§ About this exercise
Restate the listing word for word. Stop at the line that holds "优采云 发布时间: 2022-11-07", include it, and leave out all pictures.

***** Data provided *****

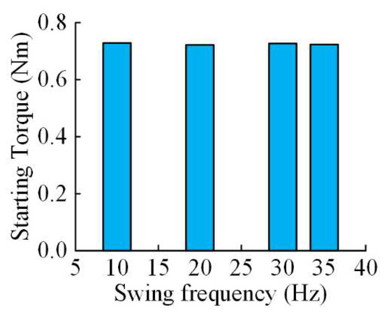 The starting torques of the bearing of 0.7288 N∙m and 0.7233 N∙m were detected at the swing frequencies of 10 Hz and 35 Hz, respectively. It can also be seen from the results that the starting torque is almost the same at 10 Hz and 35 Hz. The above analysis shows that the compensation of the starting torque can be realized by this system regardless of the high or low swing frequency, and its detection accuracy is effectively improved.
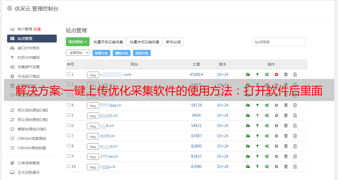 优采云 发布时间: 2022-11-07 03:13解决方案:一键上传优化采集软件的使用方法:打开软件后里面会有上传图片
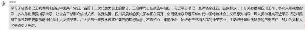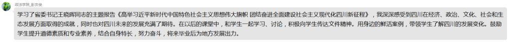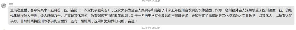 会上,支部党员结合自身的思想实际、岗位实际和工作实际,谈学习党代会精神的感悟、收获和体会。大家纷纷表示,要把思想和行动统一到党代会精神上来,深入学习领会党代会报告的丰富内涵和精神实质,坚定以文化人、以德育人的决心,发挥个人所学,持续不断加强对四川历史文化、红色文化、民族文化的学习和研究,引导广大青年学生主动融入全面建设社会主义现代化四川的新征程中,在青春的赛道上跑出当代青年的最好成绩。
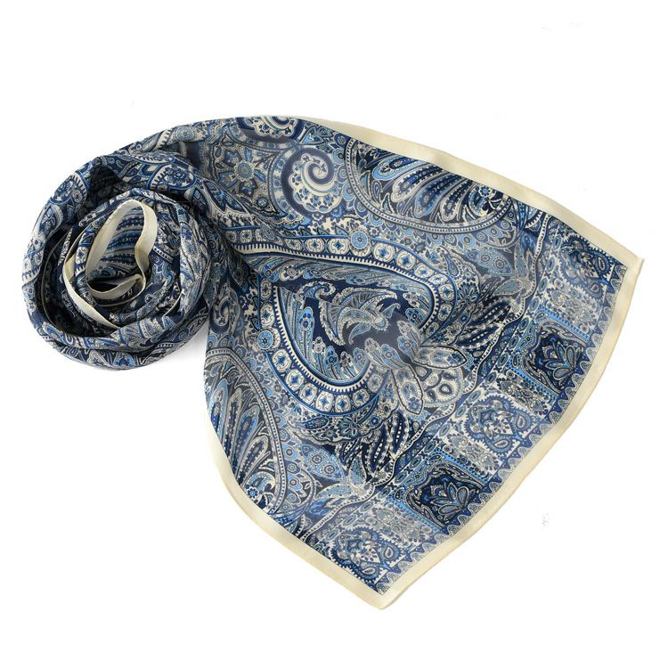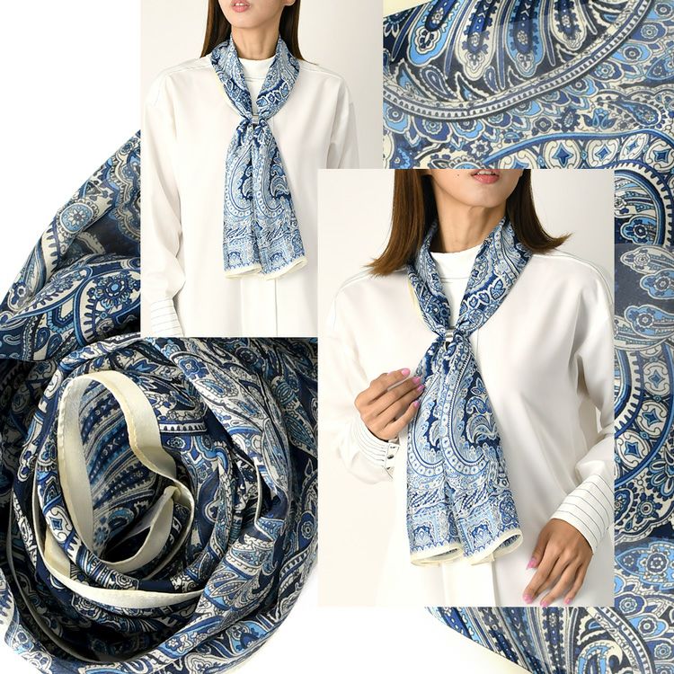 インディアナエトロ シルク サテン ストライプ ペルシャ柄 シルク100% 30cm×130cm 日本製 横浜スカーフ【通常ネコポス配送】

*****

§ Answer section
 The starting torques of the bearing of 0.7288 N∙m and 0.7233 N∙m were detected at the swing frequencies of 10 Hz and 35 Hz, respectively. It can also be seen from the results that the starting torque is almost the same at 10 Hz and 35 Hz. The above analysis shows that the compensation of the starting torque can be realized by this system regardless of the high or low swing frequency, and its detection accuracy is effectively improved.
 优采云 发布时间: 2022-11-07 03:13解决方案:一键上传优化采集软件的使用方法:打开软件后里面会有上传图片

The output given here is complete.